That's what my old friend Val Warke used to call the Fifties and early Sixties. The 1961 Imperial Crown pictured here certainly looks up to the task with those huge tail fins. That streamlined body and its chrome side trim certainly add to the feeling. What fun it would have been to live in those days. Oh wait, I DID live in those days. Funny I don't remember the flying cars. Maybe I missed them. I wonder if they will ever come back.
In 2013, BMW introduced the i3. A striking feature of this car is the black side panel at the back, between the side window and the rear glass. it had the feeling of an odd connector between the side and rear, but it mostly worked. The flow from front to back was elegant, but the connection to the back was awkward and abrupt.

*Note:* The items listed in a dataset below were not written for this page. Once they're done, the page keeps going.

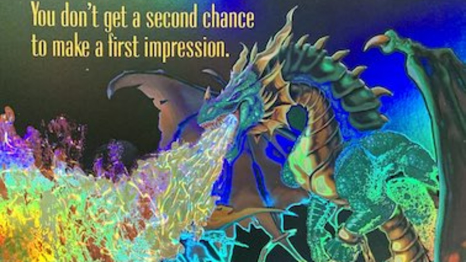 Hazen Paper Company has created an innovative, two-sided promotion to demonstrate cutting-edge holographic technologies. Hazen’s team designed the artwork on both sides to showcase specific visual effects with nano holography that delivers an even more dramatic three-dimensional effect than lenticular printing. The front features a fire-breathing dragon with minutely detailed glittering scales. The effect of a blast of moving flames was achieved with registered, custom color-motion and multi-channel holography. On the back, a shimless random repeat custom hologram, “random burst,” creates a moving, three-dimensional flash backdrop for a flock of butterflies.
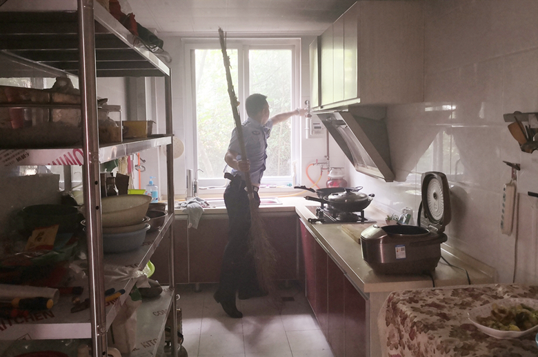 当日,朝天派出所接分局指挥中心指令:朝天区财政局旁小区内疑似天燃气泄露,请立即前往现场处置。接警后处警民警立即赶往现场,到达现场后发现小区6楼一住户房内浓烟滚滚,屋内空无一人,现场情况紧急,民警不顾个人安危深入屋内查看情况,发现厨房内天燃气灶火势猛烈,铁锅通红浓烟四起。民警立即将天燃气阀门全部关闭,并打开窗户及大门,切断屋内电源,疏散周边住户。火势完全控制后民警立即联系该住户陈某某并在其家中等待,直到住户到家确认安全后才离开。
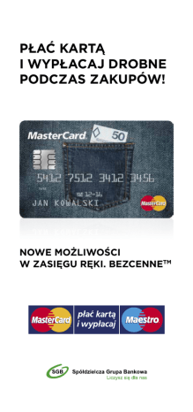 PŁAĆ KARTĄ I WYPŁACAJ DROBNE PODCZAS ZAKUPÓW! NOWE MOŻLIWOŚCI W ZASIĘGU RĘKI. BEZCENNETM Kolejny krok do pełnej wygody! Płacąc kartą MasterCard® lub Maestro® za zakupy, możesz wypłacać do 300 zł w gotówce dzięki usłudze „Płać kartą i wypłacaj”. Wypłacaj drobne podczas codziennych zakupów, na przykład w supermarkecie, na stacji benzynowej czy w sieci sklepów osiedlowych. Płacąc kartą, poinformuj sprzedawcę, że chcesz równocześnie wypłacać pieniądze – niezależnie od kwoty zakupów. Zawsze jest to jedna transakcja potwierdzona kodem PIN, a na jej wysokość składają się wartość zakupu oraz kwota wypłaty. Usługa obejmuje karty debetowe oraz niektóre kredytowe, a jej koszty ustala bank, który wydał kartę. Łatwo, bezpiecznie i po drodze! Jak to działa? Widzisz naklejkę „Płać kartą i wypłacaj”. Wchodzisz do środka i płacisz za zakupy kartą MasterCard® lub Maestro®. Przy okazji możesz podjąć gotówkę. Każda transakcja dla bezpieczeństwa potwierdzona jest kodem PIN. Kwota wypłaty zostanie dodana do wartości zakupów, a pieniądze otrzymasz od ręki. Gdzie mogę skorzystać? www.mastercard.pl Listę punktów Orlen oraz Bliska, w których dostępna jest usługa „Płać kartą i wypłacaj”, znajdziesz na: www.mastercard.pl/lista Opłata za usługę „Płać kartą i wypłacaj” zgodnie z taryfą opłat i prowizji danego banku.
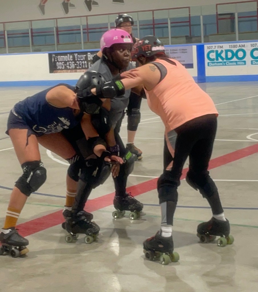 “Right now, we don’t have the bodies, so I’m not just the PR and media,” said AK. “I’m also temporarily taking the head of our bouts role. We’ve already done one scrimmage with our sister league Peterborough Area Roller Derby. “
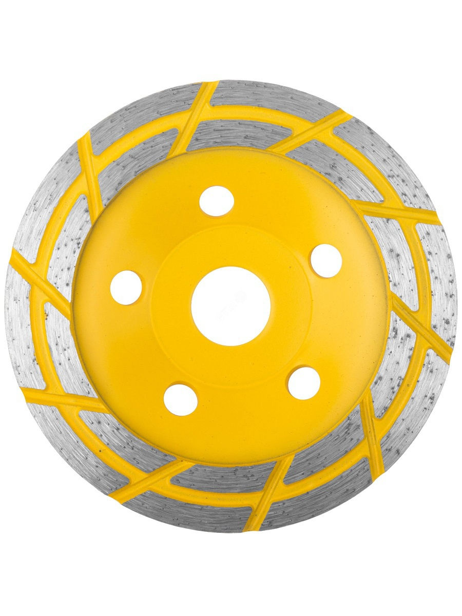 Два ряда сегментов. Для углошлифовальных машин. Посадочный диаметр 22,2 мм. Удобен для выравнивания кромки, шлифовки, полировки и работ, где необходима тонкая обработка. Работает по бетону, граниту, мрамору и другим материалам. Упаковка: картонная коробка.
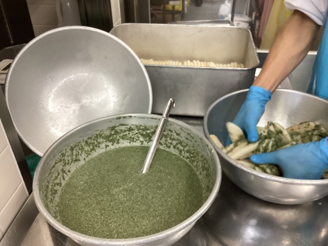 ※写真3枚目は、笹かまぼこに青のりが入った衣をつけているところです。
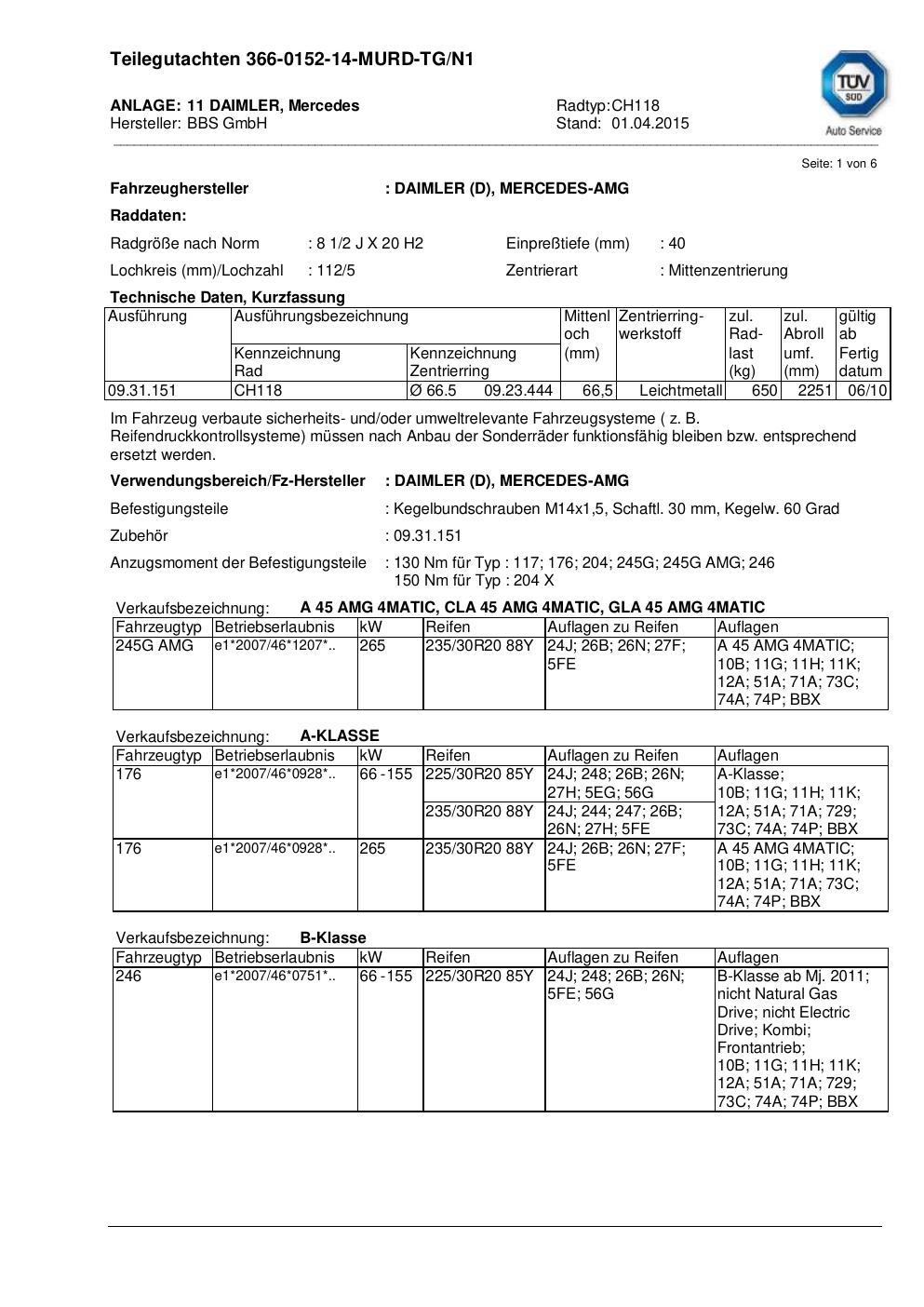 teilegutachten nicht BBS CH118
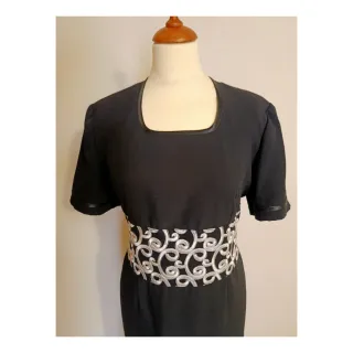 Elegante vestido negro con un llamativo fajín blanco bordado al vestido - Escote cuadrado. - Mangas cortas. - Detalle de fajín con diseño ornamental bordado.
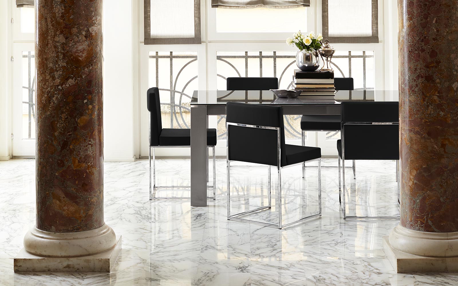 The frame is made of tubular steel with a square shape, flush with the backrest, while the shaped seat is padded and upholstered in genuine leather. Four shock-resistant plastic supports under the base. Chair with great comfort and ergonomics, linear and elegant design, suitable to complete the decor of the dining room or the waiting room.
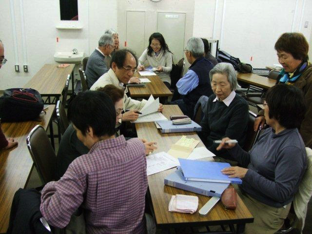![]() 講座終了後の班会議の様子・1班。「生物の話ですが、すべからく人間社会と重なって聞こえてきます」。 |
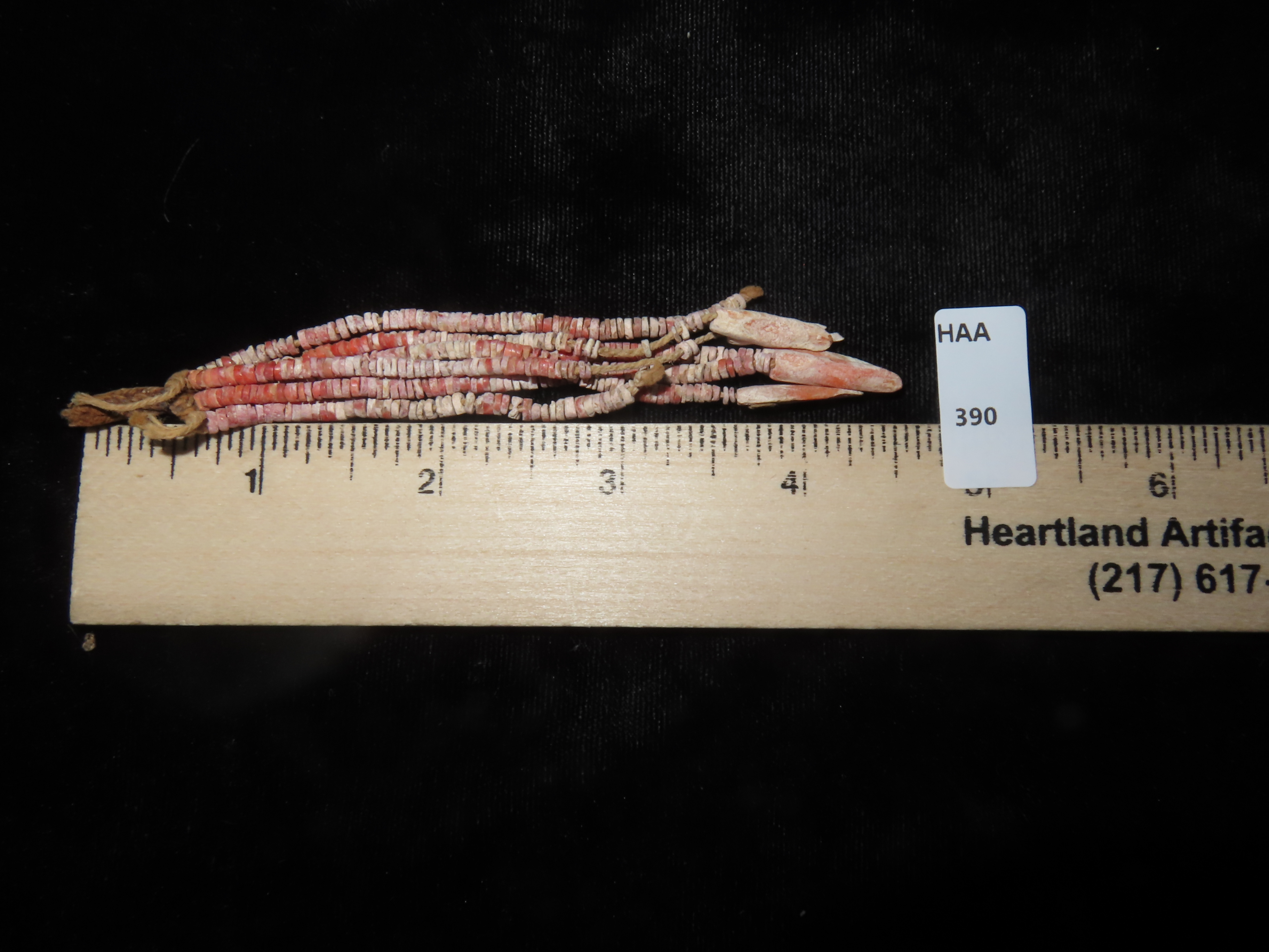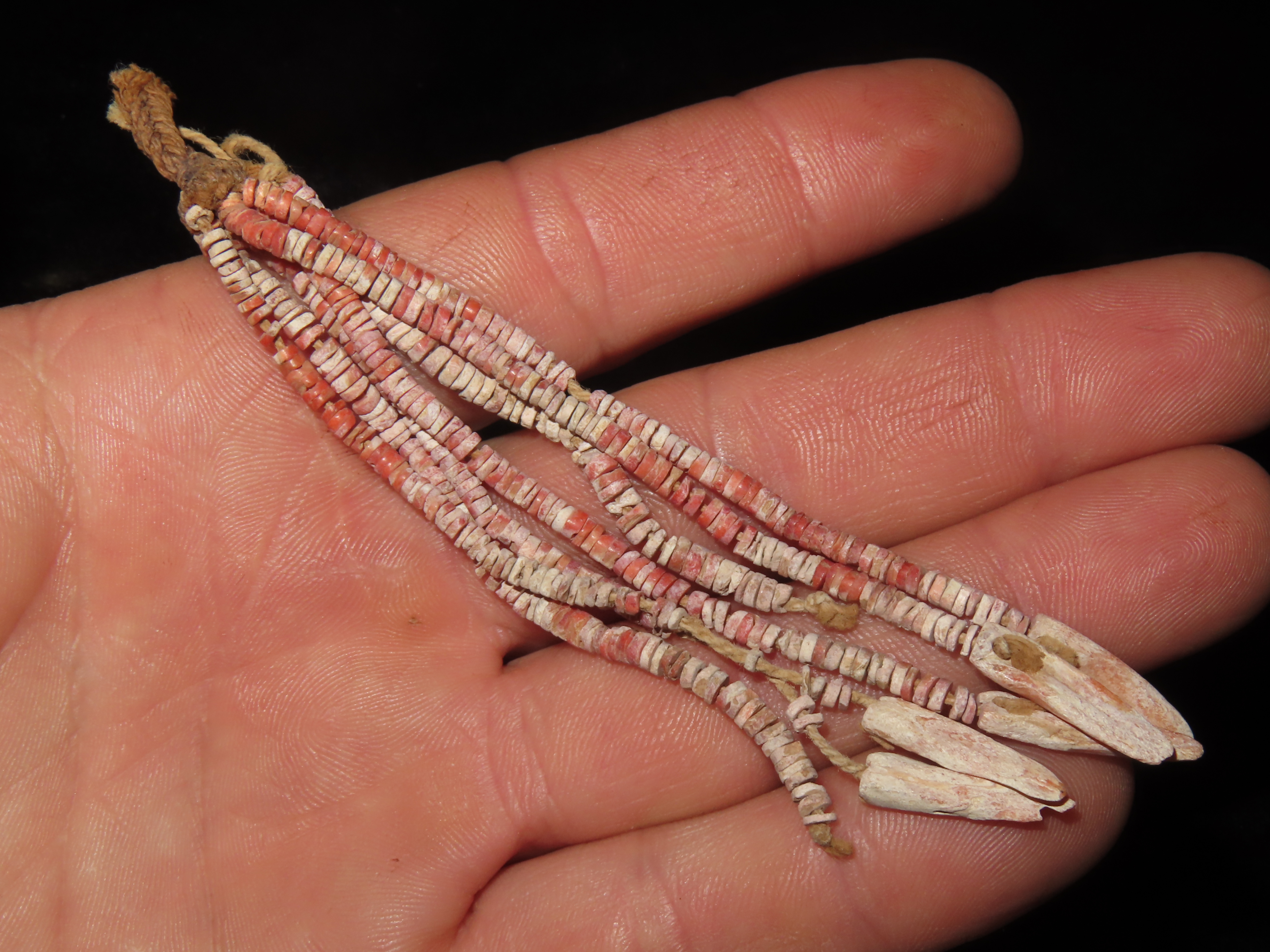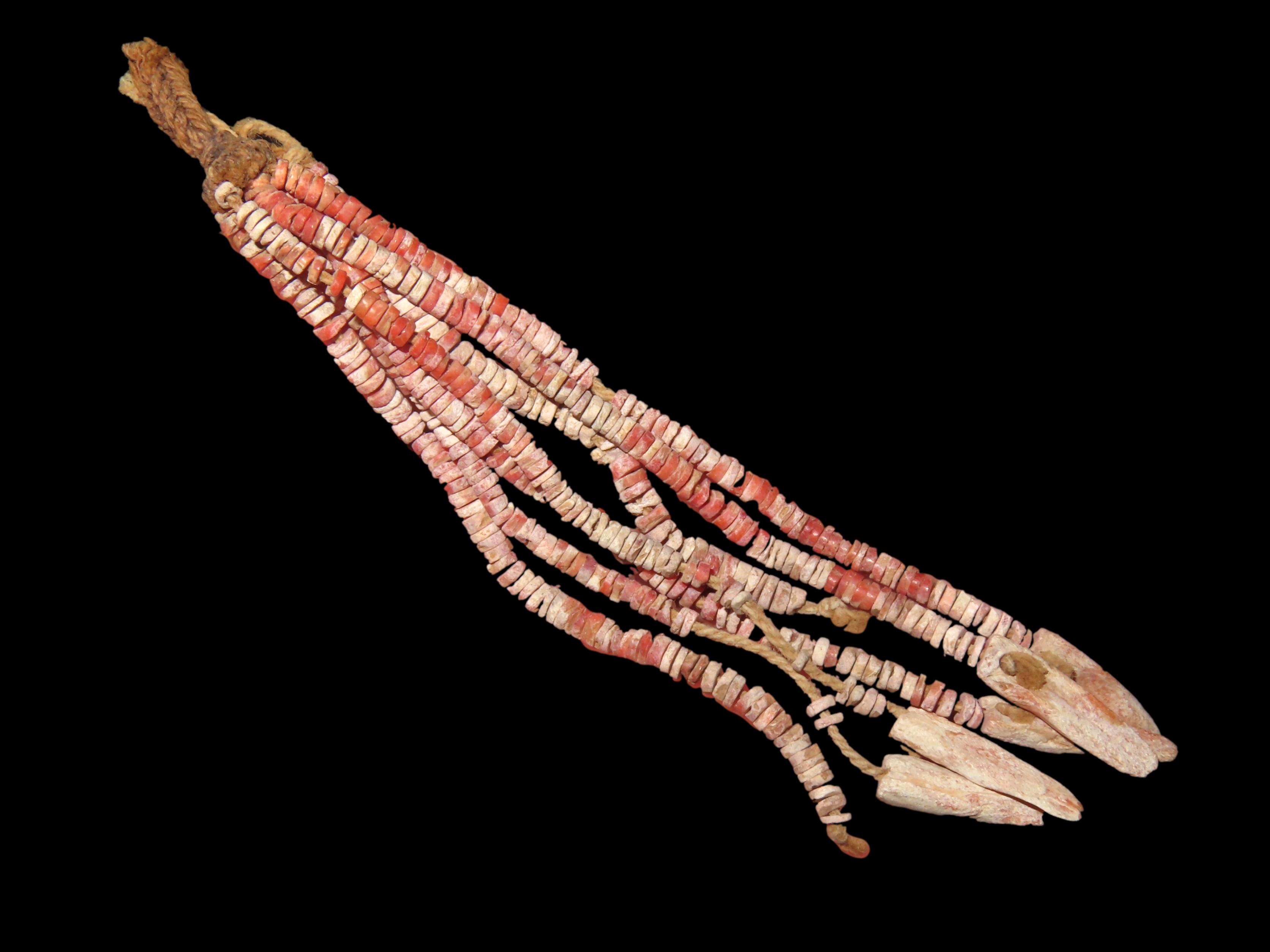COLORFUL SPONDYLUS SHELL BEAD DECORATION, MULTIPLE STRANDS WITH 100’S OF BEADS & LONG POINTED PENDANTS DANGLING FROM EACH DROP
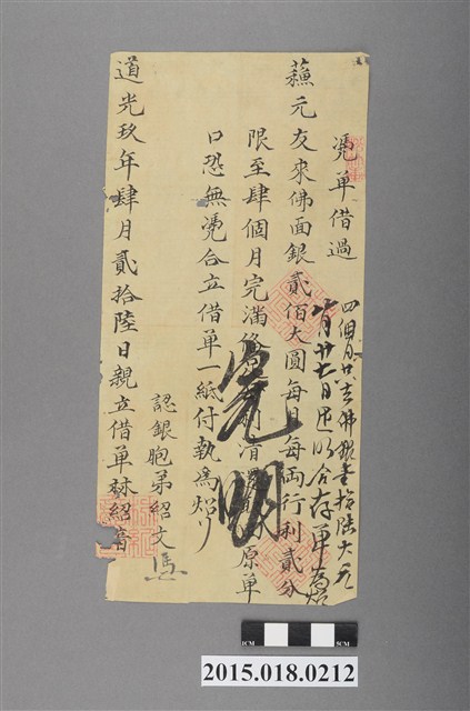 2015.018.0212 道光9年4月林紹音親立借單

As new models of other electric cars began to arrive on the market, I noticed that this "connector" was beginning to become a feature. Many new electric and hybrid cars employed this kind of a black connector, mostly in plastic, not glass like the i3.
Black connectors as implemented by Chevrolet, Hyunda, Mitsubishi, and Nissan. Not all, but mostly, electric or hybrid.
Initially, I was fascinated by these black plastic connectors, and the various shapes and forms that they took. It seemed like almost everyone was getting in on the action. Some were elegant, but many were awkward. My problem was that I was paying too much attention to the black plastic, not what it was doing.
When various manufacturers began to tout the 'floating roof' characteristics of these new designs, I started to look at these black strips differently - as separators rather than connectors. Indeed, although the black strip on the BMW iX is particularly ungainly, it does serve to separate the roof from the lower body, causing it to appear to 'float', as they have claimed. Visually only, of course, because the entire rear pillar is quite solid, I am sure.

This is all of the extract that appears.